"Детки, сегодня Иисус Христос родился в Вифлееме, городке иудейском, в хлеву бедном и убогом. Так, так! А с господином комиссаром податным советую вам не связываться, потому что что вам с того будет? А? Его рука, его и сила. Вот что. Благословение господне на всех ва-а-ас!" Или вот другой образец: "Детки мои, сегодня Христос воскрес из мертвых, а завтра у нас храмовый праздник. Помните себе, чтобы никто из вас завтра не был пьяным и броварни никаких не устраивал. Бог вас сохрани! Чужие люди соберутся, что бы это за честь была для общины, а? А та общинная толока — пора бы вам уже собраться и посоветоваться, что с ней делать… Слышу, что там еврей к вам подселяется, арендовать хочет или что… Гэ, старшина? Помните себе, что как только мне пустите еврея в село, так я и видеть вас больше не хочу! И слышать о вас не хочу, не то что! Рцем вси от всея души, от всего помышления нашего рцем!"
Приор смеялся без удержу.
— Ну, замучили вы меня, reverendissime! Ха-ха-ха! Перестаньте, ради бога! Да разве это возможно?
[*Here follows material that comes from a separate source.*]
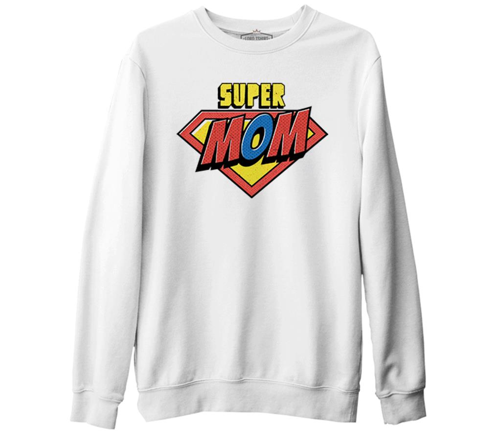 Super Mom Logo Beyaz Erkek Kalın Sweatshirt

— Чистая правда, clarissime. Но к чему вам больше, достаточно только взглянуть на его жизнь-бытие, чтобы убедиться, что от него и не такого ещё можно ожидать. Живёт он в бедной крестьянской хатёнке, старой и перекошенной; живёт один, как палец, только со старой служанкой Феськой, глухой на одно ухо, и со старым слугой Прокопом, слепым на один глаз. Община построила когда-то Чимчикевичу по собственной инициативе хорошую резиденцию на главной улице, напротив церкви; но он сначала ни за что не хотел перебираться в новый дом; а когда его наконец заставили, прожил там меньше двух недель, ходя по просторным комнатам как сам не свой и всё жалуясь, что ему там слишком просторно, словно в степи. А в конце концов взял да и ночью перебрался назад в свой "зимовник", а в новой, просторной резиденции, как в амбаре, сложил хлеб. И представьте себе скандал в селе и во всём округе, когда из всех окон новой резиденции торчали только выставленные снопы. И ни за что на свете нельзя было заставить старого деда снова туда переехать. Пришлось общине, чтобы избежать всеобщего посмешища, только одно сделать: как можно скорее вымолотить поповский хлеб, сложенный в новой резиденции, и затем превратить ту резиденцию в сельскую управу, читальню и амбар, а попа оставить в его старом гнезде.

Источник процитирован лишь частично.